Улит раскрыл рот и вытаращил глаза, а после, подавив желание обрушить масляный фонарь на зелёную лысину Чикфанила, подошел нему и заорал, естественно, на земном:

– Ты что, ненормальный?!

Потом опомнился и повторил фразу на муслинском.

Чикфанил открыл глаза и недоумённо посмотрел на Улита.

– Не кричите, – попросил он. – Все уже спят.

– Спят?! – Улит, которого чуть ли не колотило от ярости, ткнул фонарём на инструмент, зажатый коленями муслина. – Как кто-нибудь может спать вот под это?!

Чикфанил явно не понимал причин возмущения землянина.

– Вы чем-то недовольны? – Чикфанил улыбнулся. Улыбка получилась и робкой, и хищной. Так могла бы оскалиться черепаха, решившая напасть на проплывающую мимо рыбёху.

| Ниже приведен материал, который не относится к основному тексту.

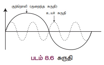 சுருதி என்பது ஒரு ஒலியானது கனத்ததா அல்லது கீச்சலானதா என்பதை அறிய உதவும் ஒலியின் பண்பாகும். அதிக சுருதி கொண்ட ஒலிகள்கீச்சலாகவும், குறைந்த சுருதி கொண்ட ஒலிகள் கனத்ததாகவும் இருக்கும். இரண்டு இசைக் கருவிகளால் எழுப்பப்படும் ஒரே வீச்சைக் கொண்ட இரண்டு ஒலிகள் வேறுபட்ட அதிவெண்களைக் கொண்டிருந்தால், அவை ஒன்றுக் கொன்று வேறுபடுகின்றன. குறைந்த சுருதி மற்றும் அதிக சுருதி கொண்ட இரண்டு ஒலிகளைக் குறிக்கும் அலைகள் படம் 2.7 ல் காட்டப்பட்டுள்ளன.
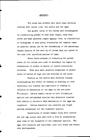 The study was divided into three main sections dealing with larval life, the adults and the eggs. The growth rates of the larvae were investigated by constructing graphs of mean body length, mean head width and mean pronotum length against time; by construction of histograms of size group frequencies for samples taken on specific dates; and by the determining of the percentage change indices of the move up of larvae from one instar to the next over specified periods of time. These three methods of evaluating the growth rates of the larvae were used to determine the degree of retardation of growth in winter if indeed retardation occurred. They also made possible comparison of growth rates of larvae at high and low stations on the river. Studies on the adults were directed towards investigating the effect of feeding or starving on life expectancy and towards the importance of feeding in relation to maturation of the eggs in the sub-order filipalpia. Mature female larvae of both filipalpian species and setipalpian species were dissected together with adults to determine when maturation of the eggs was completed. Mating behaviour was observed and flight periods determined for the commonest species. Dissections of mature female flies were carried out and egg counts were made with a view to establishing some idea of the fecundity of the commonest species. The eggs were measured and described, some were drawn and others were photographed.
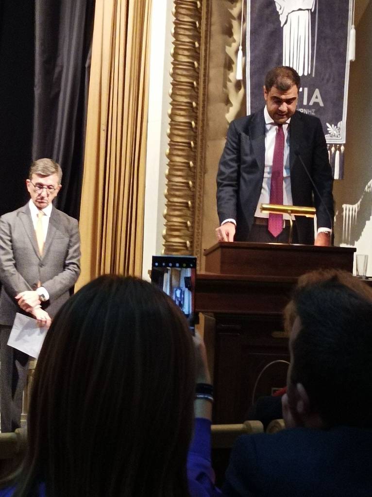 Στη συνέχεια, τον λόγο έλαβε ο γραμματέας της Πολιτικής Επιτροπής της Νέας Δημοκρατίας, Παύλος Μαρινάκης, διαβάζοντας ένα απόσπασμα από ένα βιβλίο που είχε γράψει ο παππούς του: «Δεν ξεριζώθηκαν μονάχα οι Έλληνες της Σμύρνης. Έσβησε και χάθηκε μεθοδευμένα και συστηματικά ό,τι το ελληνικό. Πραγματικά, η Σμύρνη έχει χάσει τη σκιά της. […] Τριγυρίζω, κοντεύει να μεσημεριάσει, προσπαθώντας να βρω μιαν άκρη. Κάποιος Τούρκος με βλέπει να ψάχνω αφοσιωμένος στον χάρτη της πόλης και με πλησιάζει. «Τι θέλετε;» μου λέει, σε άψογα ελληνικά. «Ήταν από εδώ η μάνα μου και προσπαθώ να βρω τη θέση του σπιτιού της, που βρισκόταν μπροστά στην Αγία Φωτεινή». «Δεν υπάρχει πια τίποτα, μόνο πάρκο»».
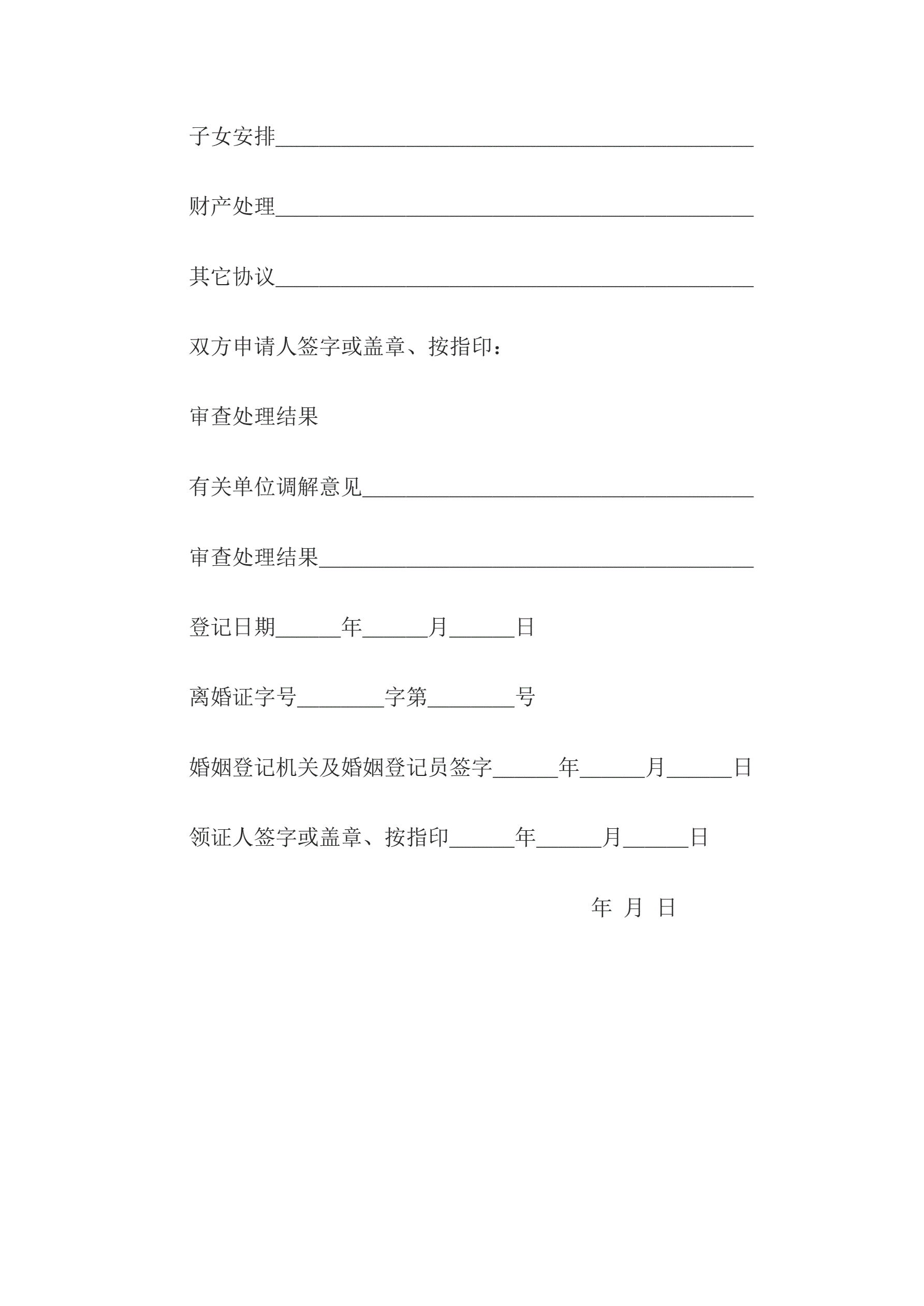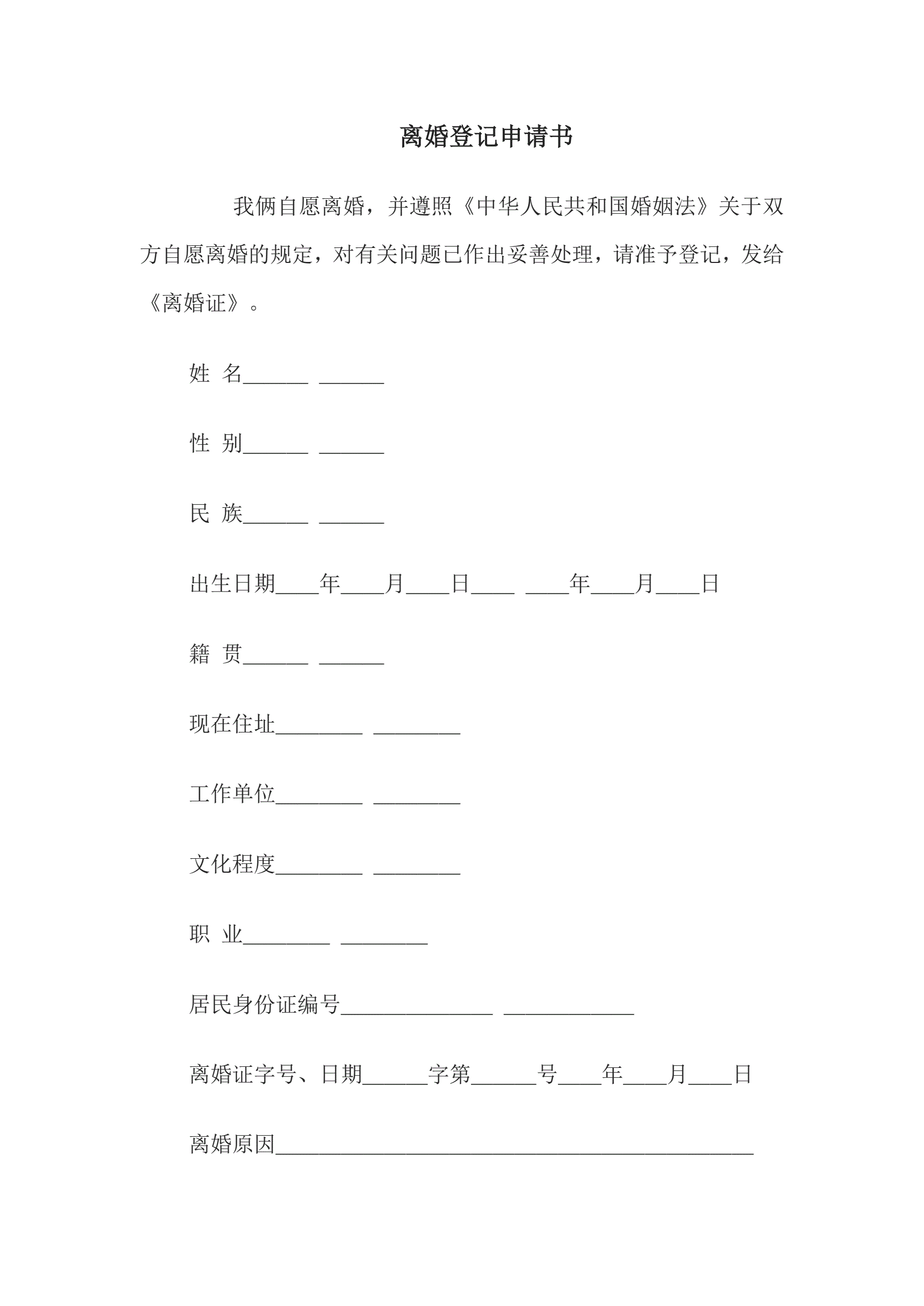 离婚登记申请书
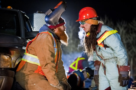Terry (David Lawrence, Who is KK Downey?) and Deaner (Paul Spence, Peepers) are hard-partying deadbeat morons who begin the movie by destroying their house and decide to beg their fickle friend Tron (Andrew Sparacino) to get them a hilariously hazardous job on an oil pipeline in Fort McMurray, a setting whose high-risk, high-pay lifestyle lends the first inkling of dark themes to what eventually becomes a surprisingly serious movie. Terry hooks up with a strip-club waitress named Trish (Terra Hazelton) and the inevitable rift between the two buds begins.
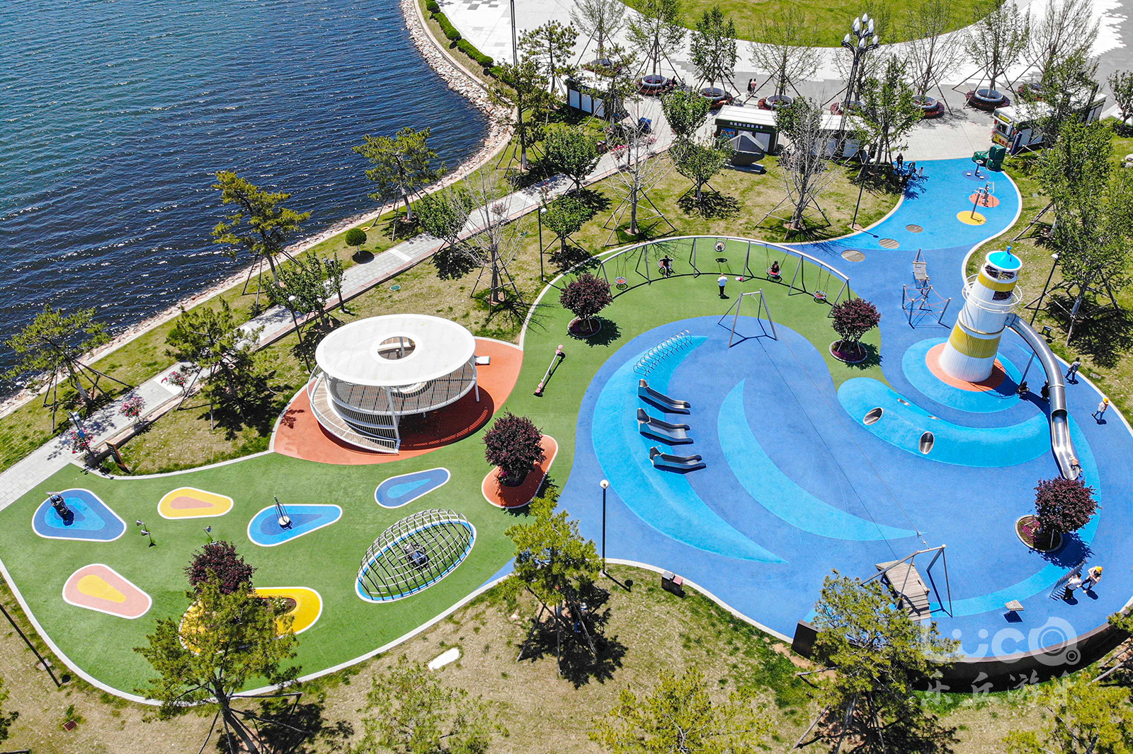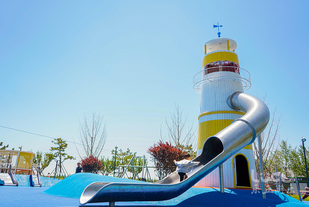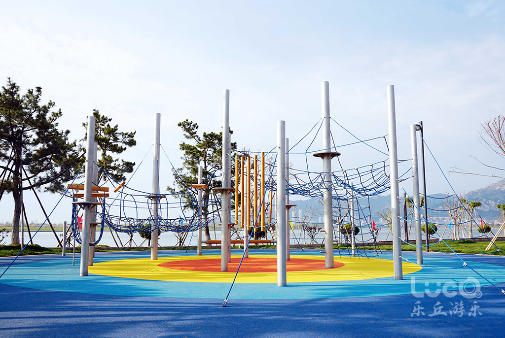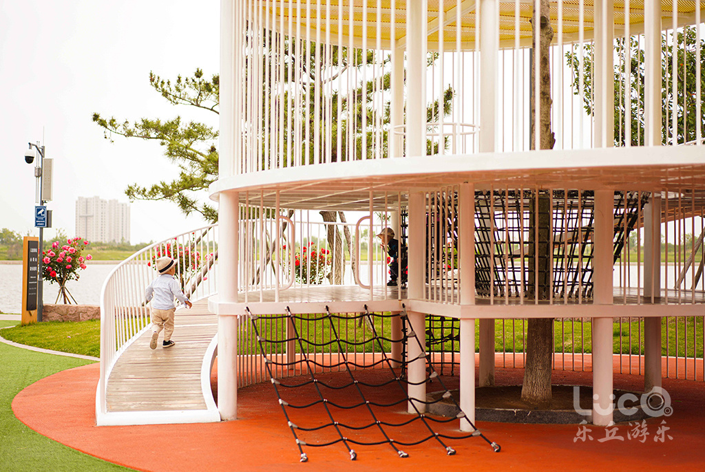 位于山東半島東部的威海市石島灣畔的鳳凰湖公園,如展翅欲飛的鳳凰,拉近了石島、赤山與繁華大都市之間的距離。設計師結合地形獨特性,將兩個場地一分為二,鳳身為兒童活動場地,鳳尾為健身運動場地。2020年初夏,聲名遠播的鳳凰湖,再一次完成涅槃蛻變,全新亮相。由樂丘團隊打造的多功能兒童樂園,正式向當地市民開放。

– Недоволен?! – заорал Улит. – Да ты надо мной издеваешься, старик!

Позабыв о манерах и благородном происхождении, Улит бросил трость на пол, выхватил у Чикфанила смычок и хотел уже злобно обломать его, как с лестницы надменно раздалось:

– Ты ещё что за урод?

Улит тут же вернул Чикфанилу смычок, но не оттого, что испугался, а затем, чтобы подобрать трость и принять боевую стойку. По лестнице величаво спускался высокий, подтянутый муслин в серой стёганной пижаме, перехваченной кушаком. У него было вытянутое брюзгливое лицо и длинные тощие ноги в резиновых тапках. Белоснежные волосы муслина были уложены под позолоченной сеточкой. В руке он держал такой же, как у Улита, зажжённый фонарь. Сам же полный и босоногий Улит с растрёпанными рыжими кудрями, в сорочке и с выставленной вперёд тростью выглядел не столь величаво. К тому же полы сорочки тесно обтягивали крепкие, тренированные икры, готовясь подло сковать движения.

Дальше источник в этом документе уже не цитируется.